The authors note the importance of, and recent improvements that have taken place in, digital connectivity, but much more needs to be done on this front, not just with respect to wireless infrastructure, but even more so in wired broadband. A digital infrastructure with much greater capacity will be necessary for India to be globally competitive as well as for purely domestic growth. There are large profits to be made in this arena, and it is no accident that one of the problematic instances of tax policy that the authors highlight (the case of Vodafone) occurred in this sector. Allocation of spectrum, as well as a host of other issues with respect to creating a 21st century digital infrastructure and doing it in a manner that promotes competition rather than monopoly, will be a major challenge for policymakers in the immediate future. The pandemic has highlighted the possibilities for India, as well as the extent of unrealised potential, in its participation in the new digital economy. The rapid increase in the number of smartphones is often highlighted, but that development will not be adequate for, say, long-distance education, or for many other areas where digitisation can be important for the Indian economy.

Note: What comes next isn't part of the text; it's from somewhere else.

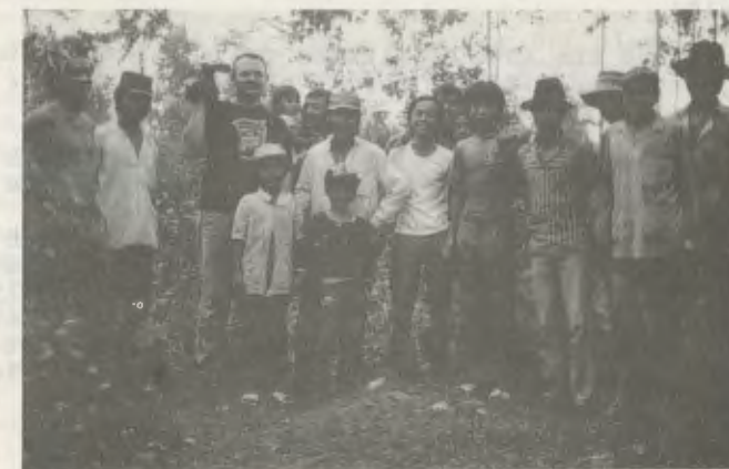
HELO PAD 1-52 198TH INF LZ BAYONET 'MIDDLE of HELO PAD

11 Woodview Dr. Lake St. Louis, Mo. 63367 (314) 625-1662 1/52 198th Inf. Americal July 68 - Sept 69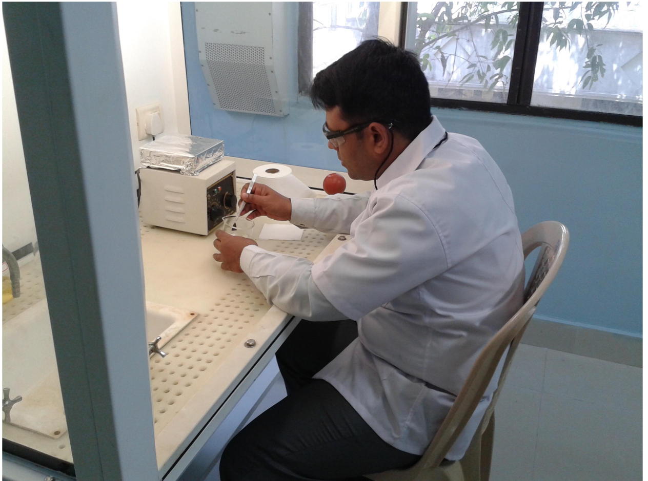
Furnace (up to 1000°C)

In another area of economic policy, the authors mention the liberalisation of foreign direct investment (FDI), and this is overall a welcome development. But FDI is particularly valuable when it is combined with knowledge, both disembodied, and embodied in individuals. Being open to FDI should mean being open to ideas, even in areas of the economy such as higher education, and creative ideas that go beyond specific technologies or business skills.
The “software” of policymaking
The authors refer to the “software” of policymaking and how it needs to be improved. India desperately needs inputs from as many sources as possible, at home and abroad, and it needs institutions and mechanisms for discussing these inputs, testing them and refining them into workable policies. Transparency and openness to criticism will lead to better policymaking. The authors refer to the need to improve the rule of law, including specific areas such as contract enforcement. Reforming the courts and legal system is an enormous undertaking, and is likely to be slow. But there is scope for more rapid administrative reforms that increase organisational flexibility and bring greater expertise into government, without being too disruptive of the current structures of the administrative elites. This has happened in varying degrees throughout independent India’s existence. But at present the set of sources of inputs into economic policymaking seems to be shrinking. Reversing that apparent trend will help in every aspect of that policymaking, and in the outcomes for the economy.